Mereka berusaha menelusuri riwayat-riwayat lain, mengujinya, kemudian menjadikannya sebagai pedoman pembaruan kehidupan umat.
Telaah hadis pun berubah orientasi.
Tujuannya bukan hanya memperkaya ilmu, tetapi juga memperbaiki kehidupan.
Hadis menjadi landasan rekonstruksi sosial, moral, dan spiritual masyarakat Muslim.
Hadis dan Tasawuf Bertemu Kembali
Menariknya, kebangkitan studi hadis berjalan seiring dengan pembaruan tasawuf.
Bagi banyak ulama, keduanya bukanlah dua dunia yang saling bertentangan.

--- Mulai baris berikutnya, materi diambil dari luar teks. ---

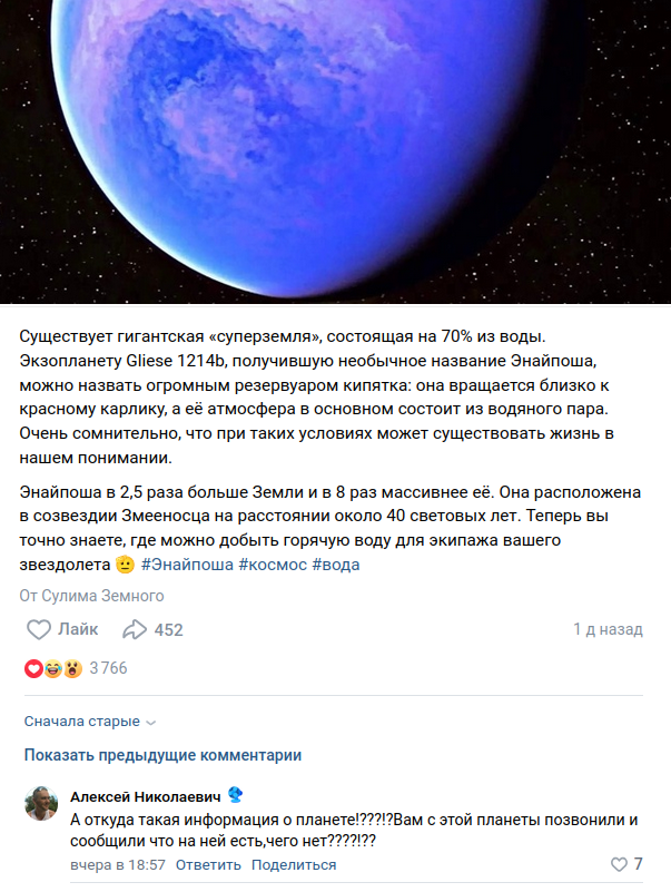 То, что знак вопроса в вопросительном предложении порой не ставят - тема отдельная. Адрес странички, с которой взяты эти скриншоты, я не сохранил, а найти снова её не смог. Говорят, что в интернете ничего не пропадает - может быть, и так, но найти можно далеко не всё. Впрочем, это не единственный пример, подобная реакция на научно-популярные тексты вполне типична.

Hadis menjadi alat untuk menyaring praktik tasawuf, sedangkan tasawuf memberikan dimensi spiritual terhadap pengamalan hadis.
Ikatan tarekat juga mempererat hubungan personal di antara para ulama.
Tidak sedikit muhaddits besar yang sekaligus menjadi tokoh tarekat.
Mereka memadukan ketelitian ilmiah dengan kedalaman spiritual.
Jaringan Ulama sebagai Motor Pembaruan
Pada akhirnya, kekuatan utama jaringan ulama internasional bukan terletak pada adanya organisasi formal ataupun keseragaman doktrin.
Yang menyatukan mereka adalah visi bersama.
Mereka memiliki cita-cita yang sama, yaitu membangun kembali kehidupan umat melalui pembaruan akidah, akhlak, ilmu pengetahuan, dan moral sosial.
Hubungan guru dan murid membentuk mata rantai keilmuan yang melintasi negeri-negeri Muslim.
Melalui jaringan inilah lahir para ulama yang kemudian kembali ke daerah masing-masing, termasuk Nusantara, membawa semangat pembaruan yang berpijak pada Al-Qur'an, Sunnah, tasawuf yang dimurnikan, serta penguatan kehidupan sosial umat.
Dengan demikian, jaringan ulama Haramain bukan sekadar jaringan transmisi ilmu.
Ia merupakan jaringan peradaban yang menghubungkan dunia Islam melalui sanad keilmuan, spiritualitas, dan visi pembaruan yang terus hidup dari generasi ke generasi.